I like him because I'm the same way. Does that make me a moron, too?  Haha


----------



## metzbgsu (Jun 28, 2008)

OSU_Fisherman said:


> What is the deal with his boat trailer? Is that all storage or just extra sponsor space? Either way, it looks pretty cool.


I asked my buddy last night who's fished with Skeet in an open before. That trailer really is all storage. I guess there aren't too many pros who use them. My first reaction was that seems like it could be hard to back up without jack-knifing it into your rear bumper.


----------



## CARP 104 (Apr 19, 2004)

crittergitter said:


> Some of you guys actually like Mike "I scream my head off when I boat a 2lber" Iaconnelli. I can't fault folks for having their own opinion of a guy, but this really baffles me.
> 
> I think he is a complete moron.


He's definitely no moron in my book, one of the best bass anglers on the planet. Great guy in person too, he has every right to scream out there...he's got the greatest job in the world.


----------



## Fish G3 (Jul 16, 2008)

Skeet is a beast, and a hell of a fisherman. Wouldnt rather see anyone win it besides maybe Boyd.


----------



## OSU_Fisherman (Mar 1, 2007)

crittergitter said:


> Some of you guys actually like Mike "I scream my head off when I boat a 2lber" Iaconnelli.
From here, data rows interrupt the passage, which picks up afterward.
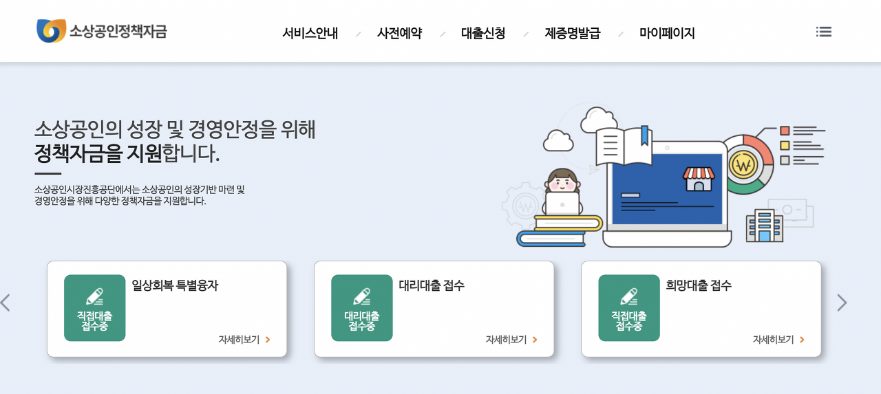 소상공인 진흥공단 홈페이지 접속 후 신용점수 사전 조회에서 본인의 신용점수를 확인합니다. 그리고 희망대출 접수에 들어가서 직접대출 접수를 진행하시면 됩니다.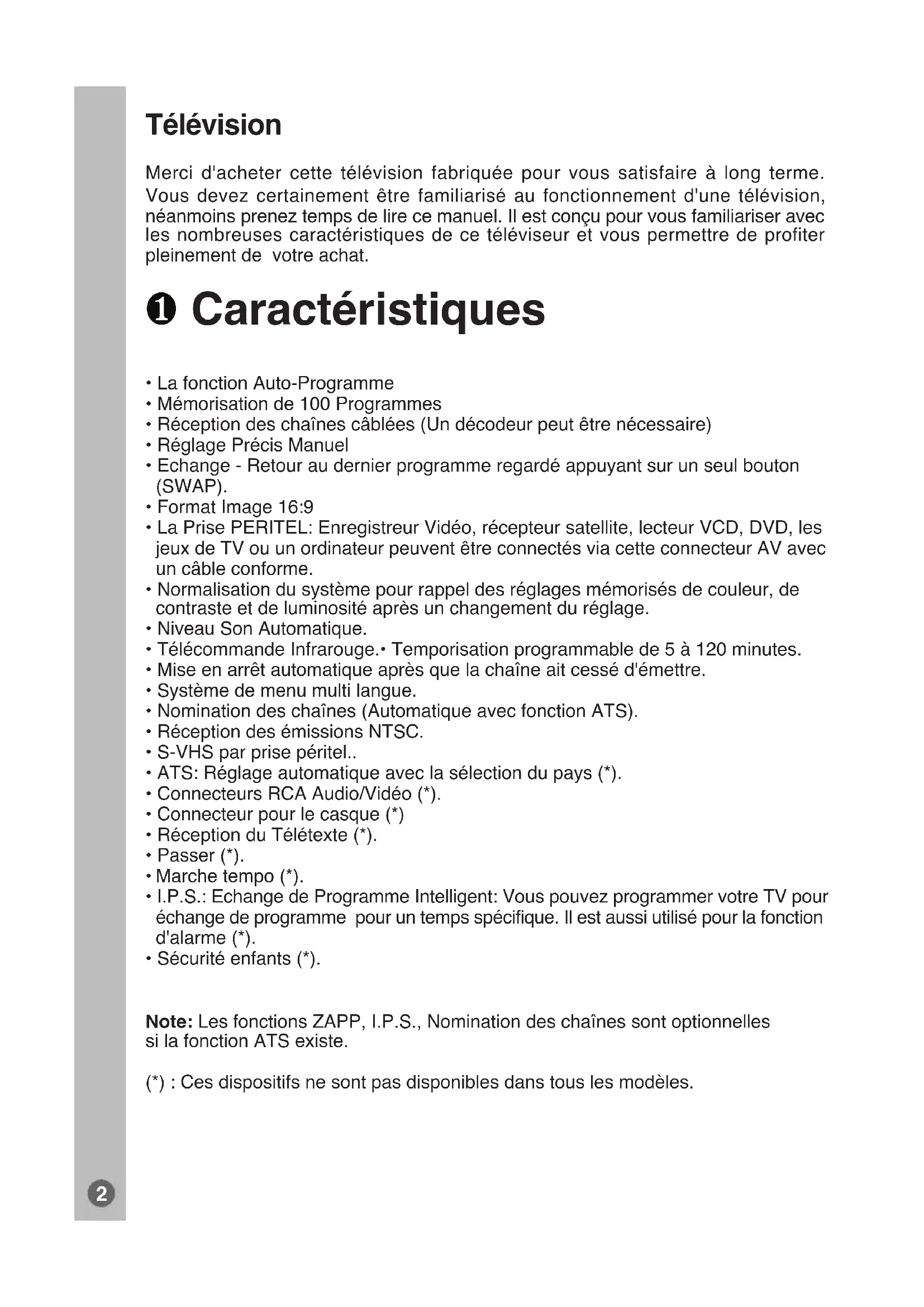 Merci d'acheter cette télévision fabriquée pour vous satisfaire à long terme. Vous doivent être familiarisés au fonctionnement d'une télévision, néanmoins prenez temps de dire ce manuel. Il est concu pour vous familiariser avec les nombreuses caractéristiques de ce téléviseur et vous permettre de profiter pleinement de votre achat.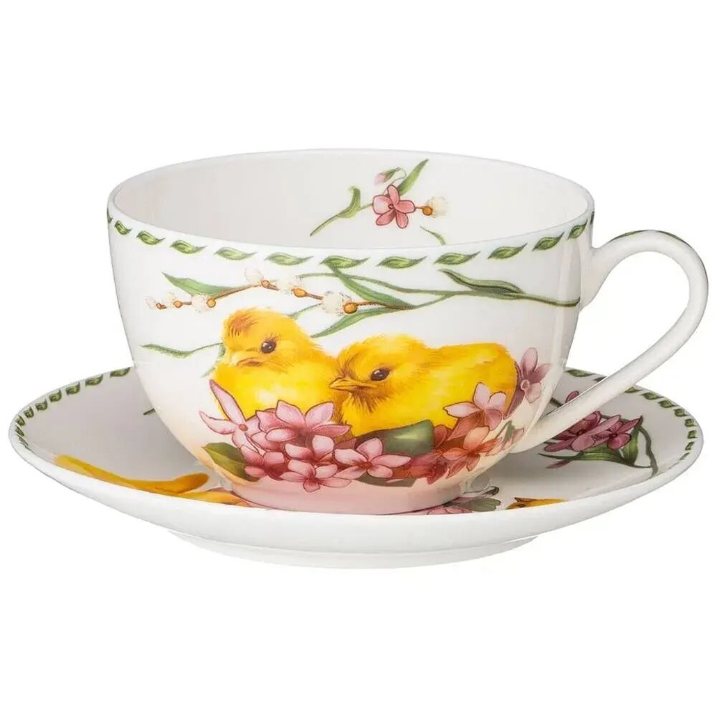 Чайная пара "Sunday" lefard 300 мл, фарфоровая, дизайн с птицами и цветами, зеленая кайма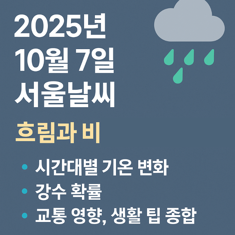 2025년 10월 7일 화요일 서울날씨 – 흐림과 비, 일상 영향 분석 안녕하세요! 오늘은 2025년 10월 7일 화요일 서울날씨를 시간대별 예보부터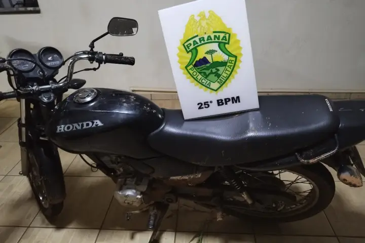 Uma motocicleta Honda CG Titan que havia sido furtada no último sábado (11), em Palotina, foi recuperada pela Polícia Militar (PM) no fim da noite desta quarta-feira (15), em Iporã. O veículo havia sido abandonado em uma via pública da cidade.
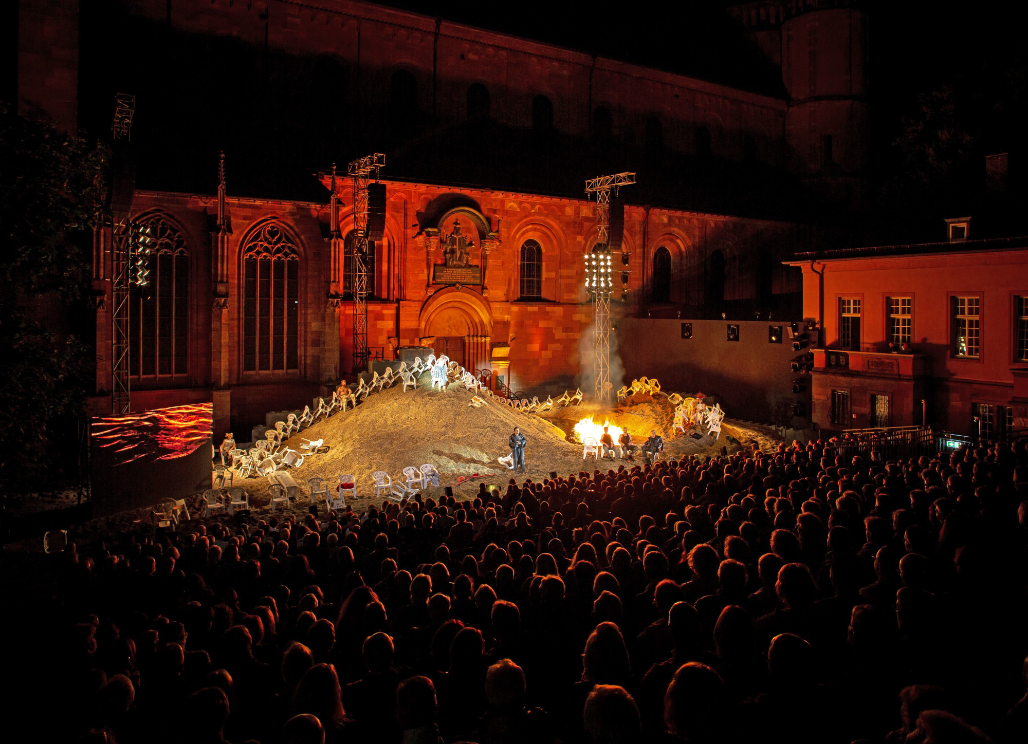 Am Originalschauplatz der Nibelungensage – in Worms und dort direkt vor dem historischen Dom – finden jährlich im Sommer die Nibelungen Festspiele statt. Jedes Jahr errichtet NÜSSLI dafür eine grosse Tribüne inklusive Schallschutzwand. Auch das imposante Bühnenbild liefert und montiert das NÜSLLI Team.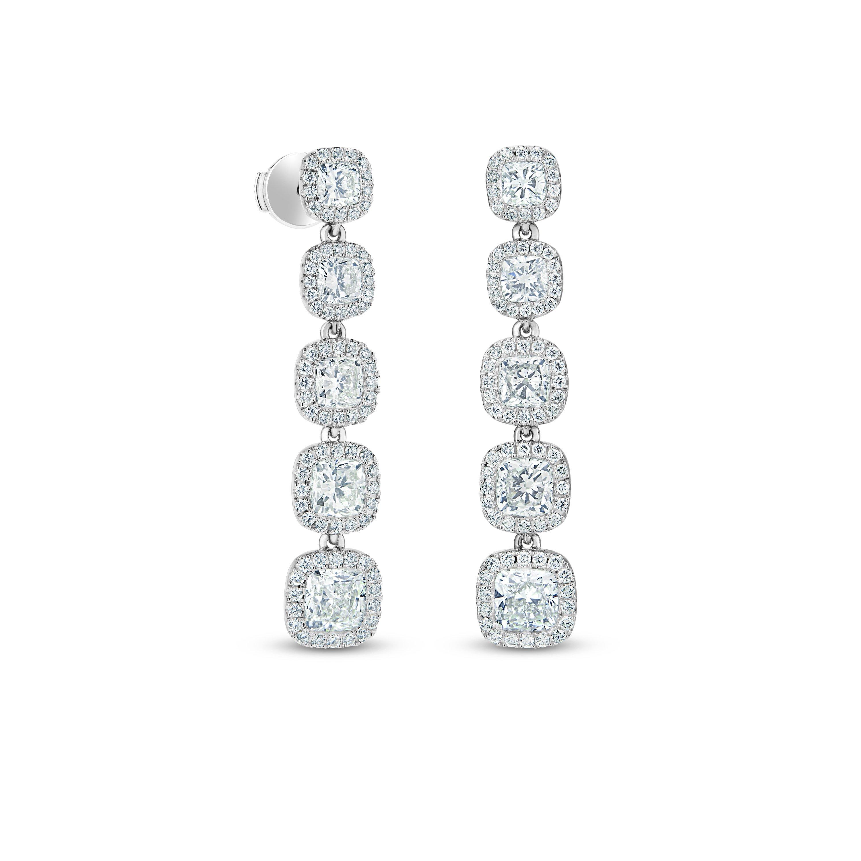 Our 18K white gold and diamond drop earrings are delicately edged by micropavé diamonds, an iconic De Beers motif we named Aura. Ensuring each is neatly embraced, the hand-set micropavé is bespoke for each of the cushion-cut diamonds. The series of five subtly graduate in size to frame the face. This cut is universally renowned for its Fire, the way light disperses in a diamond, thanks to a higher number of facets than other cuts. As such, this classic shape is symbolic of finding the light in every moment.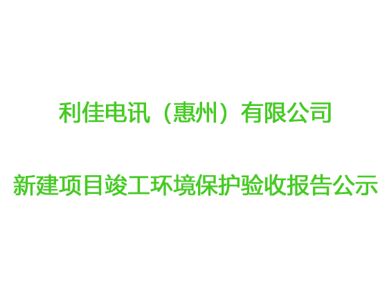 利佳電訊(惠州)有限公司新建項(xiàng)目竣工環(huán)境保護(hù)驗(yàn)收?qǐng)?bào)告公示

I can't fault folks for having their own opinion of a guy, but this really baffles me.
> 
> I think he is a complete moron.


I've got to agree with CARP 104, Ike is a great guy in person and is very passionate about catching fish. There is absolutely no money on the line during his 'City Limits Fishing' TV show and he still screams when he breaks one off or catches his 5th one. 
I have this conversation with somebody at least a few times a year, and I always bring up the fact that people celebrate in different ways. I'm a quiet guy by nature, when I catch a nice fish it never gets more than a fist pump and a high-five from the other guy in my boat. Mike is a load/vocal guy.... this is how he celebrates. I can't fault somebody's celebration when they show their passion for what they're doing.


----------



## Bassnpro1 (Apr 6, 2004)

Man I'm happy Ike lost! I personally can't stand to watch him. To me it is just a show he puts on. But in his defense he has made alot of money by standing out and yelling. If I could make money looking like an idiot and screaming into a fishes throat, I would do it! I remember seeing Ike on TV years ago as he was coming up and he didn't seem to yell to near the extent that he does today.


----------



## norseangler (Jan 8, 2009)

Not a bad show, and I knew already that Reese had won. I don't care for Iaconelli's antics, which are obviously staged for the camera (and encouraged by ESPN), but he's obviously a good fisherman. I also posted this on the other thread: Just before the Classic, on Feb. 17, Ohio's first Classic qualifier, Andy Sceurman of Newark, died at the age of 68. He fished the 1973 and 1974 Classics.


----------



## Thick Rick (Feb 3, 2008)

"I Like Mike!"

Yup, I do. He has helped change a lot of the stereotypes people have about fishermen. Yes, he is loud and obnoxious when he catches a fish. But I don't think it is an act. I think it is his true passion. You should see me sometimes, haha. I agree with OSU, he is very passionate and as nice as anyone can be in person. I watched a seminar of his, then talked to him for about 15 minutes, then he signed autographs until everyone got one, over an hour, then he talked to me for another half hour and just loved talking about fishing. I found him to be very genuine.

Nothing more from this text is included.